Access Control Overview

Note:

Currently in the beta phase.

By default, applications can only access limited system resources. However, in certain scenarios, applications may require extended functionalities that necessitate access to additional system data (including user personal data) and capabilities. The system must also provide explicit interfaces to share its data or functionalities externally.

The system employs access control mechanisms to prevent improper or malicious use of data or functionalities. Current access control mechanisms involve multiple aspects, including application sandboxing, application permissions, system controls, and other solutions.

Application Sandbox

Applications running on the system are deployed within protected sandboxes. Through the security isolation mechanisms of sandboxes, improper application behaviors (such as unauthorized data access between applications or device tampering) can be restricted. Each application is assigned a unique ID (TokenID), which the system uses to identify and limit the application's access behaviors.
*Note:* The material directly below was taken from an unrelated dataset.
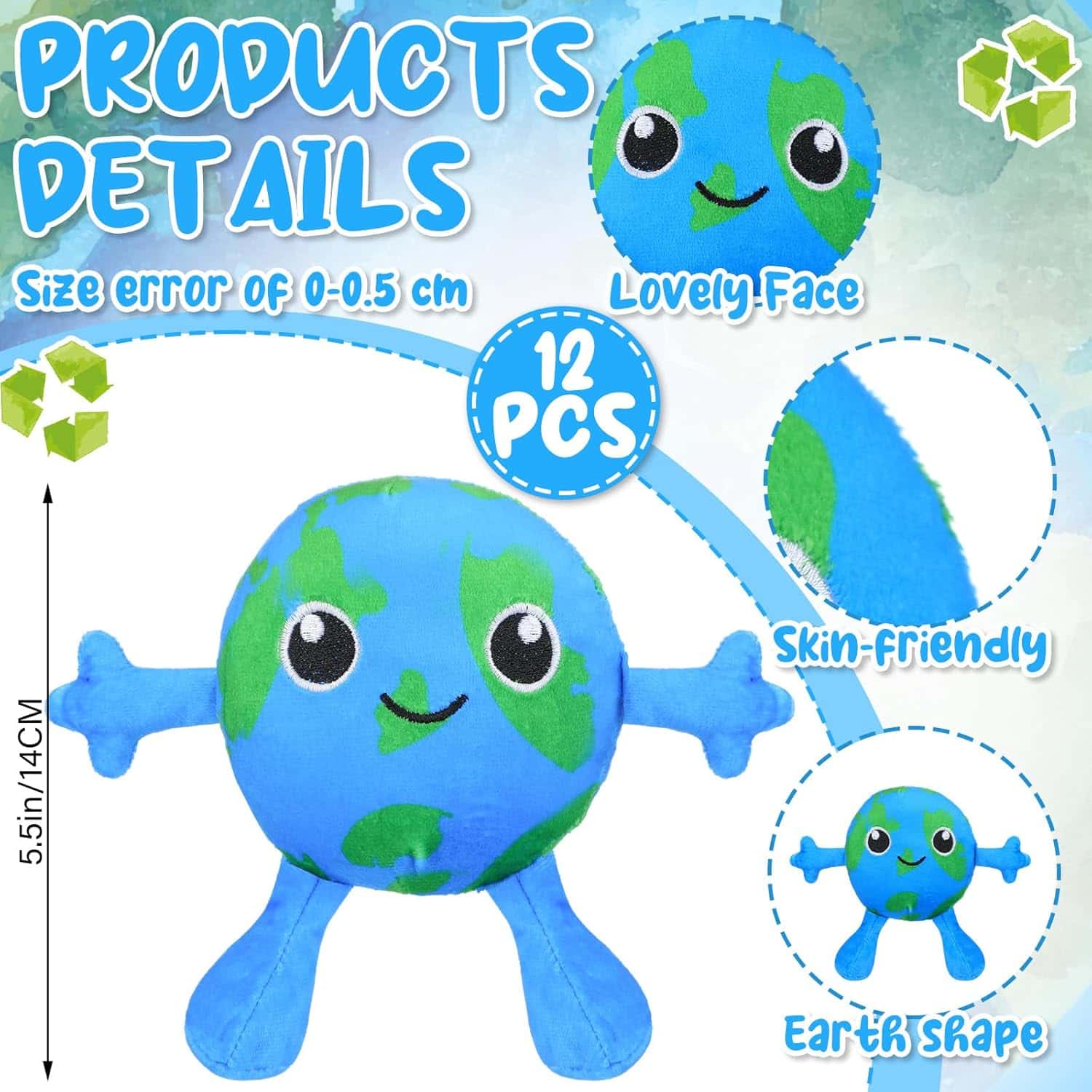 The Meooeck 12 Packs Earth Day Stuffed Plush make an ideal gift for kids, teachers, and environmental enthusiasts. These cute, soft Earth-shaped plush toys are not only fun but also educational, teaching the importance of protecting our planet. They are perfect for Earth Day celebrations, classroom activities, or as rewards. Safe and comfortable, they suit anyone over 6 years old, encouraging awareness and care for the environment in an engaging way.

The application sandbox ensures that only the intended audience can access the data within an application and restricts the scope of data that the application can access.

Application Permissions

The system sets process domains and data domain labels based on the Application Privilege Level (APL) of applications. Through access control mechanisms, it restricts the range of data that applications can access, thereby systematically reducing the risk of data leakage.

Applications with different APL levels can request different permission levels. Various system resources (e.g., contacts) or system capabilities (e.g., accessing the camera or microphone) are protected by different application permissions. Strict hierarchical permission protection effectively mitigates malicious attacks, ensuring system security and reliability.

For detailed information on application permission management, refer to Application Permission Management Overview.